Write out exactly the lines of the entries below from the one holding "接下来是我们此次太姥山之行的" to the one holding "FIGURE 5.12. Mitral", inclusive, and leave out all other lines.

» Data records:
================================

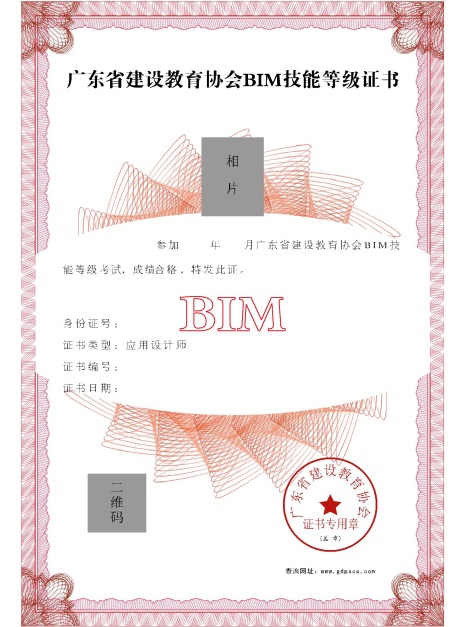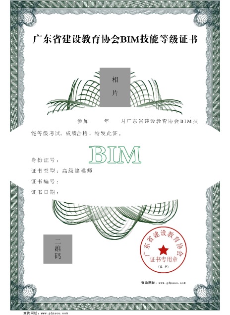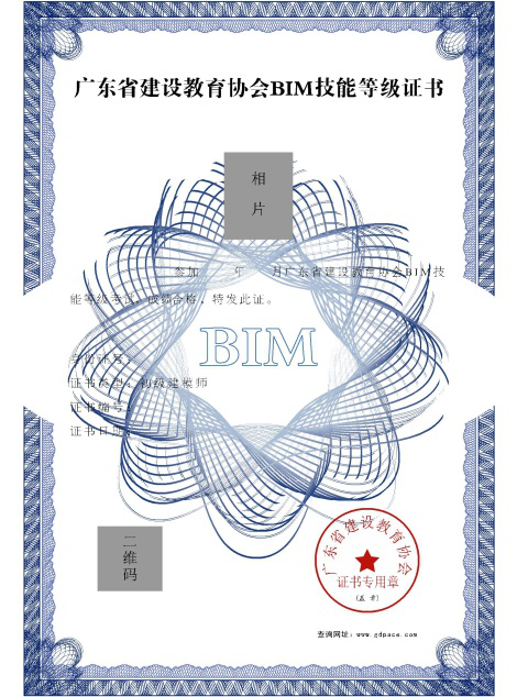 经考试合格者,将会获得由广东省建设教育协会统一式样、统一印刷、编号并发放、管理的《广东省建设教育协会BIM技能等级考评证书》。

================================

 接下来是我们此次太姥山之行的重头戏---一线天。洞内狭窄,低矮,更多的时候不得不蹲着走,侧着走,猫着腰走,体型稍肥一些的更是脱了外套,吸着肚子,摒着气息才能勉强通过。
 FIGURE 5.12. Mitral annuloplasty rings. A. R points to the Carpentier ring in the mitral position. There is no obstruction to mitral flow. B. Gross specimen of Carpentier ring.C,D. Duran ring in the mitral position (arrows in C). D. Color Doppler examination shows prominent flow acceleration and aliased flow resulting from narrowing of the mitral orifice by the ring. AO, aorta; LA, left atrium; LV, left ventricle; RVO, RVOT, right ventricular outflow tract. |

================================

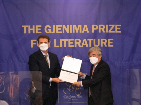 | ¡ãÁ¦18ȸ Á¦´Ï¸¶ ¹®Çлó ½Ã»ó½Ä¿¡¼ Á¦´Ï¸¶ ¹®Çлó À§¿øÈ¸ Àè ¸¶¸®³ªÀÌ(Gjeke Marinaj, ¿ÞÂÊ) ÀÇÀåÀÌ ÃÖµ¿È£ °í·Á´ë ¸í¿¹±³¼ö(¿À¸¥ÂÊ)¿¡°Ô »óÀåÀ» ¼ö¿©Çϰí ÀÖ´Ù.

================================

» Result below:
 接下来是我们此次太姥山之行的重头戏---一线天。洞内狭窄,低矮,更多的时候不得不蹲着走,侧着走,猫着腰走,体型稍肥一些的更是脱了外套,吸着肚子,摒着气息才能勉强通过。
 FIGURE 5.12. Mitral annuloplasty rings. A. R points to the Carpentier ring in the mitral position. There is no obstruction to mitral flow. B. Gross specimen of Carpentier ring.C,D. Duran ring in the mitral position (arrows in C). D. Color Doppler examination shows prominent flow acceleration and aliased flow resulting from narrowing of the mitral orifice by the ring. AO, aorta; LA, left atrium; LV, left ventricle; RVO, RVOT, right ventricular outflow tract. |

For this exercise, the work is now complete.